Quelles que soient les modalités de leur expansion, le lien entre les premiers migrants indo-européens et les civilisations historiques qui ont employé un parler dérivé du leur reste mal élucidé. On s’accorde désormais à penser qu’il est aussi complexe: les usages et les croyances des populations préexistantes n’ont pas disparu avec l’adoption progressive d’un nouveau langage, pas plus d’ailleurs que ces populations avec leurs patrimoines génétiques. Les cultures voisines ou préexistantes ont exercé, elles aussi, une influence parfois clairement identifiée.

La civilisation hittite, par exemple, une des premières à attester la présence d’une langue indo-européenne en Anatolie vers le IIe millénaire avant notre ère, emprunte une bonne partie de son panthéon aux traditions plus anciennes des Hattis. Et les premières traces de la famille indo-persane se retrouvent vers le XVe siècle dans le royaume syrien de Mitanni, dont la langue est majoritairement non indo-européenne et qui invoque à la fois des dieux hindous et anatoliens.

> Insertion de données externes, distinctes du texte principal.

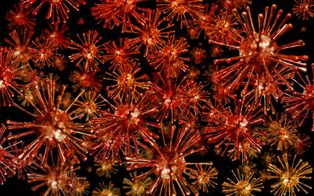 3d illustration abstract viral infection causing chronic disease. coronavirus, influenza virus H1N1, Flu, cell infect organism, aids. Virus abstract background.

La vision d’une culture indo-européenne spécifique est remise en question. Même l’idée d’une langue mère est relativisée: pas plus que d’autres idiomes, le parler dont dérivent probablement les différentes langues indo-européennes n’était pur, ni immobile. Il ne représente qu’un stade dans un développement continu et avait sans doute absorbé des influences extérieures.

D’ailleurs, assimiler langage, type physique et culture est pour le moins risqué: il suffit d’imaginer les erreurs que feraient les archéologues du futur s’ils appliquaient ce type de raisonnement pour tenter de dresser la carte des locuteurs actuels d’une langue indo-européenne. Et celles des linguistes s’ils déduisaient de la présence en Finlande et en Hongrie de populations ayant conservé un autre parler la présence dans ces régions d’une civilisation distincte, ayant résisté à l’emprise de la culture européenne. Ou, à l’inverse, s’ils assimilaient sans réserve à cette dernière les locuteurs haïtiens du français et les locuteurs andins de l’espagnol.

Reste donc, avant tout, ce qui existait au départ: des langues parentes. Ce qui peut impliquer un découpage semblable du monde. Des affinités sur lesquelles il est loisible de construire des amitiés. Et, dans le meilleur des cas, la capacité à se comprendre plus vite.